> **Instructions to follow**
Everything in the listing should be set down exactly, apart from the pictures.

> **Data section**
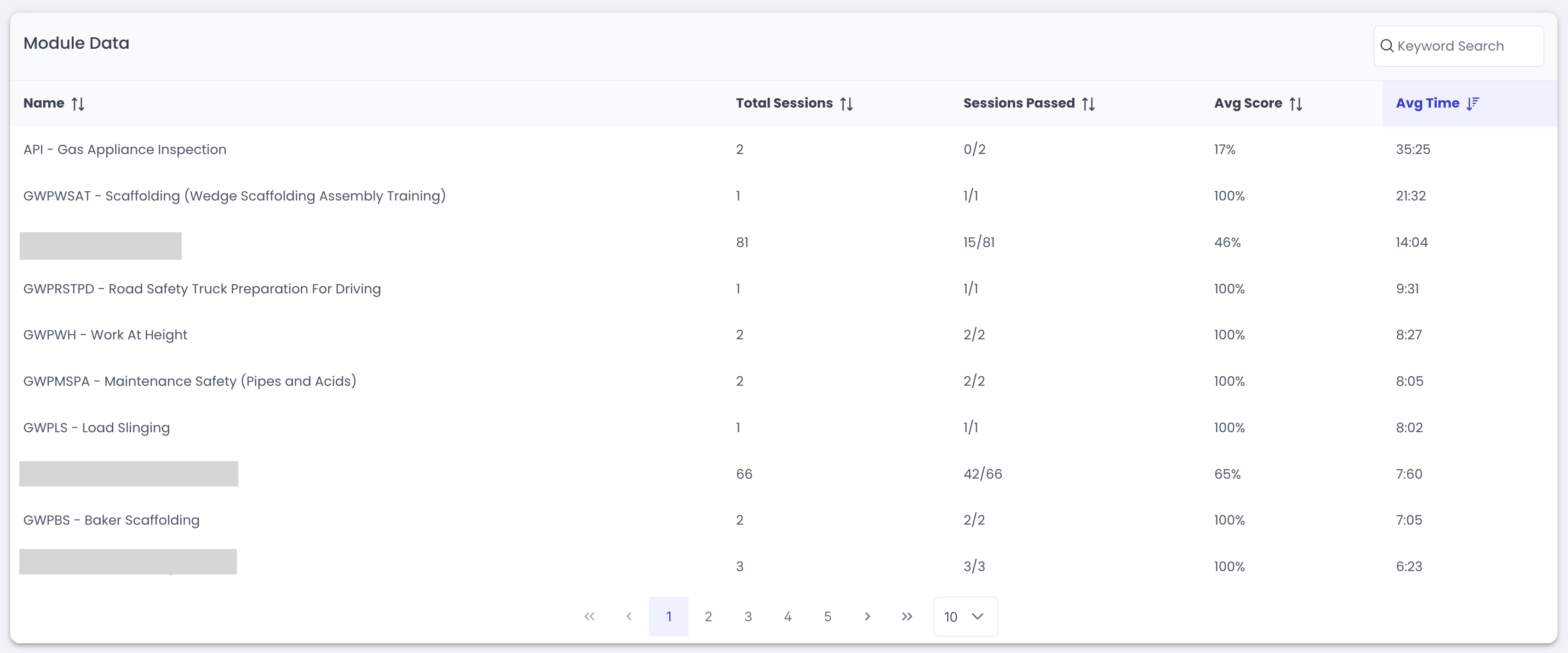 Scroll down to the "Module Data" panel to see total sessions, sessions passed, average score and average time for your organization's modules.
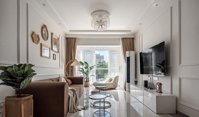 客廳仍然是沿用白色的基調,沙發背景墻和電視背景墻的采用了PU線條裝飾,在沙發背景墻中放置了精致復古的裝飾畫,使整個墻面看起來不至于太單調,與電視背景墻相呼應,搭配了簡約的白色電視柜和富有設計感的小茶幾,顯得精致而優雅1
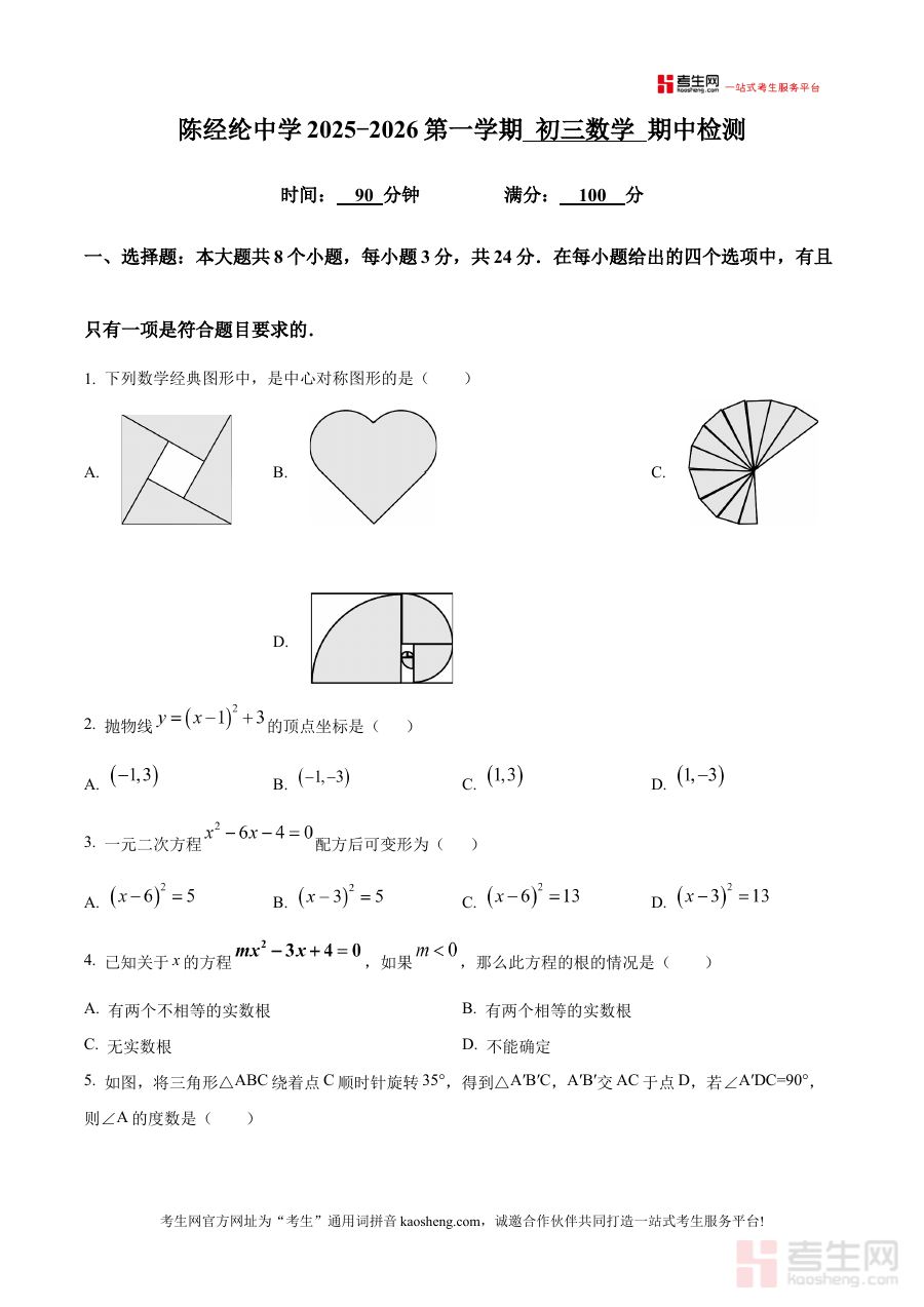 此资料适用于北京市陈经纶中学2025-2026学年上学期九年级学生、数学教师及学生家长群体,其原卷版内容能真实呈现该校期中数学考试的考查模式,对学生阶段性知识掌握情况的检测及后续备考规划具有重要参考意义。

> **Response**
 Scroll down to the "Module Data" panel to see total sessions, sessions passed, average score and average time for your organization's modules.
 客廳仍然是沿用白色的基調,沙發背景墻和電視背景墻的采用了PU線條裝飾,在沙發背景墻中放置了精致復古的裝飾畫,使整個墻面看起來不至于太單調,與電視背景墻相呼應,搭配了簡約的白色電視柜和富有設計感的小茶幾,顯得精致而優雅1
 此资料适用于北京市陈经纶中学2025-2026学年上学期九年级学生、数学教师及学生家长群体,其原卷版内容能真实呈现该校期中数学考试的考查模式,对学生阶段性知识掌握情况的检测及后续备考规划具有重要参考意义。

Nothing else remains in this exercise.